We arrived in Ulaan Baatar in the early morning, emerging from the depths of hilly, rainy countryside. It gives off the aura of some sort of forgotten frontier settlement or well-concealed secret place of pilgrimage, seeming to unfold and stretch out in the morning sun as the train rouns the approaching curve of track - and then just as if it has reached the zenith of its yawn, the clarity of the difference is incredible; one minute there is city; the next minute, nothing, only vast, flat, green, open fields, in every direction. It's a first sighting with a great deal of charm, notwithstanding the fact that one of the first things you see on closer approach is a massive, rusting brown pipe threading its way overland between some industrial warehouses before turning to run parallel to the incoming train tracks!

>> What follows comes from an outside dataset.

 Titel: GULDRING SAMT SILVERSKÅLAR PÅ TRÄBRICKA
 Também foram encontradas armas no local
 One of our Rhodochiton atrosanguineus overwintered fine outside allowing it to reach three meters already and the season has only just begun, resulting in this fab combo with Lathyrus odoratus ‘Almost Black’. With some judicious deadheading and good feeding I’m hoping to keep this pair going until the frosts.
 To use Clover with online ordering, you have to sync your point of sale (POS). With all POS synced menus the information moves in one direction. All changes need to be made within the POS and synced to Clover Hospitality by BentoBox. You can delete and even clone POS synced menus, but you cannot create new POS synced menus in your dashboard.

Spread across a valley plain in the crook of some hills, Ulaan Baatar is a city that keeps its head down, but what it lacks in profile it makes up for in sheer attitudinal sprawl. In architectural terms, a bit of an ugly duckling: an odd mix of Soviet and Western classical-looking architecture, drab blocky buildings and traditional nomadic dwellings, and a temple or two hidden away in the middle of all the concrete; wide-boulevarded but with an occasional uncomfortable tendency to potholes and uncovered manholes. And in Sukhe Bator Square, our honcho proudly pointed out the 'sail' hotel currently being built at one end - in imitation of another, bigger one somewhere else, probably in the Gulf - which will make one of the few punctures of the sky in what has to be one of the flattest cityscapes I've ever seen. In sum, almost the antithesis of our final destination, Hong Kong.

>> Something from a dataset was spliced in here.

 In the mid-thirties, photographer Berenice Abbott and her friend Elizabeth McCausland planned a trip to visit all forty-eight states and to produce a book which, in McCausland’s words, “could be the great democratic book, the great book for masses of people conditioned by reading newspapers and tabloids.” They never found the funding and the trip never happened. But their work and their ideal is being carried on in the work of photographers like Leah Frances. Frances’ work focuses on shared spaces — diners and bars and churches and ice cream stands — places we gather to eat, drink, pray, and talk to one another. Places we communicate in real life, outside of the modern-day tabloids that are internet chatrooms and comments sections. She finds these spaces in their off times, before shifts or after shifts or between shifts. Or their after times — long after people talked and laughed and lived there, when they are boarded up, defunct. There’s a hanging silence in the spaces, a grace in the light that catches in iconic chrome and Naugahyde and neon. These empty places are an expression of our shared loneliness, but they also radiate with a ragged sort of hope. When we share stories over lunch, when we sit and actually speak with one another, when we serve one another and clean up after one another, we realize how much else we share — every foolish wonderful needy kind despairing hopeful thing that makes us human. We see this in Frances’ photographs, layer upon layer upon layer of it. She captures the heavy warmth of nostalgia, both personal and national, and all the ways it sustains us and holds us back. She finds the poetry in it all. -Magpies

But for all this and partly because of it, probably, it had a relaxed, rough-and-ready sort of charm which was hard not to like. (For one, what other city in the world has yurt suburbs?) Its people seemed friendly and the atmosphere gentle. There was no trace of the recent election unrest, save the somewhat jarring burnt-out shell of the particular party headquarters (which we would pass on the way from our hostel to Sukhe Bataar Square from our hostel and take surreptitious photos of).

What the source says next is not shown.